*What is needed:* After locating the line that contains "Its several owners" in the data below, set down exactly that line and each one after it through the line that contains "关于云南白药集团股份有限公司2024年第二次临时股东大会的法律意见", and nothing more.

*Data provided:*
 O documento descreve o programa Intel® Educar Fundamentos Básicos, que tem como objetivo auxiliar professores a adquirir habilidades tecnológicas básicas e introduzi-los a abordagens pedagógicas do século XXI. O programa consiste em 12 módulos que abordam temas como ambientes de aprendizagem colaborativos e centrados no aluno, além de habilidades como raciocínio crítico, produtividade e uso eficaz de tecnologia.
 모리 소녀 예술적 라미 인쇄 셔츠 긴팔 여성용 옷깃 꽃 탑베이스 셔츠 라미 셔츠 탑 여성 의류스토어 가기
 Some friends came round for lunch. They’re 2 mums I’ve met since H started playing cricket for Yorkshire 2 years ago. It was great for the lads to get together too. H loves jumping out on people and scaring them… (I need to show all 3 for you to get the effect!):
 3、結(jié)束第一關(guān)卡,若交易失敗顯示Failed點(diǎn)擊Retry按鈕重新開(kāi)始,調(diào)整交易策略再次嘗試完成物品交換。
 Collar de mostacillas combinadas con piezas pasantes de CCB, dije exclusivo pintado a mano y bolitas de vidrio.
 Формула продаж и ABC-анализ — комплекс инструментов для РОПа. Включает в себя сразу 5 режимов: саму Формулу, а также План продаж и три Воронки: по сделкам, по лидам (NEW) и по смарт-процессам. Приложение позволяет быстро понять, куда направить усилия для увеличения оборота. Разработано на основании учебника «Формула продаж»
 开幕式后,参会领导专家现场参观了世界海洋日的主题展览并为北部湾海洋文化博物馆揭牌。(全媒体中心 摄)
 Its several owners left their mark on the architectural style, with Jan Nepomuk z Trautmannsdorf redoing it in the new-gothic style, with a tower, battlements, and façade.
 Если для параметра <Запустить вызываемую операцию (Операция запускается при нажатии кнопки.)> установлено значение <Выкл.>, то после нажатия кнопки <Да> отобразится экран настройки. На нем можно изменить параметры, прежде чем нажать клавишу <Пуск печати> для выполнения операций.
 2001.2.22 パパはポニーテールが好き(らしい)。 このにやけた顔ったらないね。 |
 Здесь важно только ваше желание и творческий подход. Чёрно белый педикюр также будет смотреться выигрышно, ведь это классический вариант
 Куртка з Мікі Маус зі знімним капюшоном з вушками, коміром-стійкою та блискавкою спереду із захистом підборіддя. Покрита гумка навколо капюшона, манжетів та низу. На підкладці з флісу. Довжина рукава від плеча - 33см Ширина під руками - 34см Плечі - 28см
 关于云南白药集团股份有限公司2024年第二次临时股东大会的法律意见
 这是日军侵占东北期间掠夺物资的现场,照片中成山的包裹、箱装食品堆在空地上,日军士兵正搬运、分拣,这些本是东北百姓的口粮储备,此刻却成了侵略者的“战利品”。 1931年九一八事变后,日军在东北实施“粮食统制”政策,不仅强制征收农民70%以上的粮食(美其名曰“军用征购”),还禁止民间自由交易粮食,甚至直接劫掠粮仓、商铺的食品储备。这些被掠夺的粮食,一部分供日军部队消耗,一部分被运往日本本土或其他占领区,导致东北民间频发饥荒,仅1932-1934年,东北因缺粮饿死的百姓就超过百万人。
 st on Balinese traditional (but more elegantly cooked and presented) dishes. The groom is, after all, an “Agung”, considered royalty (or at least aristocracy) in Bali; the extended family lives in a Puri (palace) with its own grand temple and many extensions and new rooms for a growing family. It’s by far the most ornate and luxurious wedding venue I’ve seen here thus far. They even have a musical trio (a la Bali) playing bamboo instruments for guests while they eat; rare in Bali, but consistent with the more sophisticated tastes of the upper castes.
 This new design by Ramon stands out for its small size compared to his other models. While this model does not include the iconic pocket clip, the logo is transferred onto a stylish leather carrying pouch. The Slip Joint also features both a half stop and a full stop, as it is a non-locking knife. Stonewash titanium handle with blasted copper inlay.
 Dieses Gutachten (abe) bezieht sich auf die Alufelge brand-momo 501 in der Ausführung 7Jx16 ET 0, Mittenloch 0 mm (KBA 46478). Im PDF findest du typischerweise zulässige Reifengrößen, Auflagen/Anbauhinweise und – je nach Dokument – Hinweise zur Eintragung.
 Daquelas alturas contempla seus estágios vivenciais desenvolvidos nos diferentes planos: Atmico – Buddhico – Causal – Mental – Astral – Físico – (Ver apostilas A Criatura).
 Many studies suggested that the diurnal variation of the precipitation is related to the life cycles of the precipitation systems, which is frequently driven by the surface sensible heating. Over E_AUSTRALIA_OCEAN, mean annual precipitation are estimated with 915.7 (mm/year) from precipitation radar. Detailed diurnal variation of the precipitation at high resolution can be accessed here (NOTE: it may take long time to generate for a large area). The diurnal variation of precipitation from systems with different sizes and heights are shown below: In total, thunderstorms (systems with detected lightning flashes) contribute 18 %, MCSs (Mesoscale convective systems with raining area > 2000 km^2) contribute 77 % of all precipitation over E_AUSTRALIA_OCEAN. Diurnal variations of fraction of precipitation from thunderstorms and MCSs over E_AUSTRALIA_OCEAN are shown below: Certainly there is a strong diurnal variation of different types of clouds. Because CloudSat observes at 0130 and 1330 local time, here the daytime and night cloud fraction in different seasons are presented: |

*Output for this task:*
 Its several owners left their mark on the architectural style, with Jan Nepomuk z Trautmannsdorf redoing it in the new-gothic style, with a tower, battlements, and façade.
 Если для параметра <Запустить вызываемую операцию (Операция запускается при нажатии кнопки.)> установлено значение <Выкл.>, то после нажатия кнопки <Да> отобразится экран настройки. На нем можно изменить параметры, прежде чем нажать клавишу <Пуск печати> для выполнения операций.
 2001.2.22 パパはポニーテールが好き(らしい)。 このにやけた顔ったらないね。 |
 Здесь важно только ваше желание и творческий подход. Чёрно белый педикюр также будет смотреться выигрышно, ведь это классический вариант
 Куртка з Мікі Маус зі знімним капюшоном з вушками, коміром-стійкою та блискавкою спереду із захистом підборіддя. Покрита гумка навколо капюшона, манжетів та низу. На підкладці з флісу. Довжина рукава від плеча - 33см Ширина під руками - 34см Плечі - 28см
 关于云南白药集团股份有限公司2024年第二次临时股东大会的法律意见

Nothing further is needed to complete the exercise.